If you have the "hlsearch" and "incsearch" option on, Vim will evaluate your regex and highlight matches as you type it out.

Well you just made my life a little better
posted by PMdixon at 6:14 AM on August 25, 2018

I've had to use regexes in a couple of Oracle stored procedures in the last year. Both times I've left the room, spun around three times, spit, and cursed before pushing my changes.

So far nothing's broken.
posted by Mr. Bad Example at 6:28 AM on August 25, 2018 [1 favorite]
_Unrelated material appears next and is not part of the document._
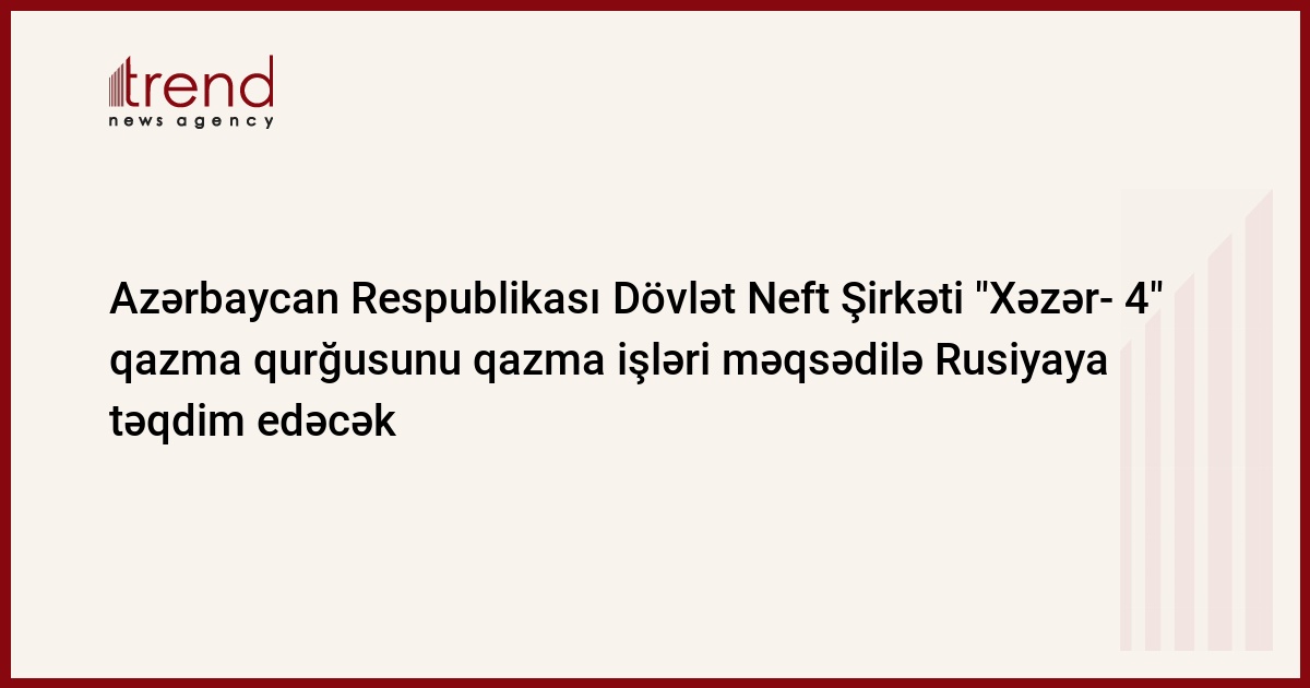 Azərbaycan, Bakı / Trend müxbir S.Əliyev / Cümə günü ARDNŞ-dan verilən məlumata görə, Azərbaycan Respublikası Dövlət Neft Şirkəti "Xəzər- 4" özüqalxan qazma qurğusunun "Timan Oil and Gas PLS" şirkətinə icarəyə verilməsi ilə əlaqədar olaraq xüsusi komissiya yaradıb. Məqsəd Xəzərin Rusiya sektorunda "İzerbaş" müqavilə sahəsində yerləşən iki saylı blokda qazma işlərinin aparılmasıdır.

you can't tweak a regex expression

You can though! That's why up above I sang the virtues of multiline / verbose regular expressions and named capture groups. Compare these two regexps for matching input like 3:5 and 4.9:

(\d+)?(([\-:])(\d+)?)?

 (?P<start>   \d+   )?     # numbers
(  (?P<sep>   [\-:] )      # separator
   (?P<end>   \d+   )?     # numbers
)?                         # final sep+numbers optional

They match the exact same text. I sure would prefer to maintain the second instead of the first though. The named groups make it crystal clear what the values you're extracting are, particularly in the code below which can reference things like m.group('start'). The white space groups the components of the regex structurally. And the comments hold your hand all the way through. (Maybe a little too much in this case, but they are invaluable when matching something more complex than \d+)
posted by Nelson at 7:16 AM on August 25, 2018 [6 favorites]

It's hard to overstate how much surface area PCRE* has, compared to POSIX and other simpler regex flavors/dialects.

There's a lot of research about converting regular expressions to NFAs (non-deterministic finite automata) and then to DFAs (deterministic finite automata) -- converting the regex to a format where the computer can look at each input character once and update its state (its key into a table of what to match next), without spending time on any other decisions along the way. Many PCRE extensions make it much harder, or outright impossible, to do this conversion.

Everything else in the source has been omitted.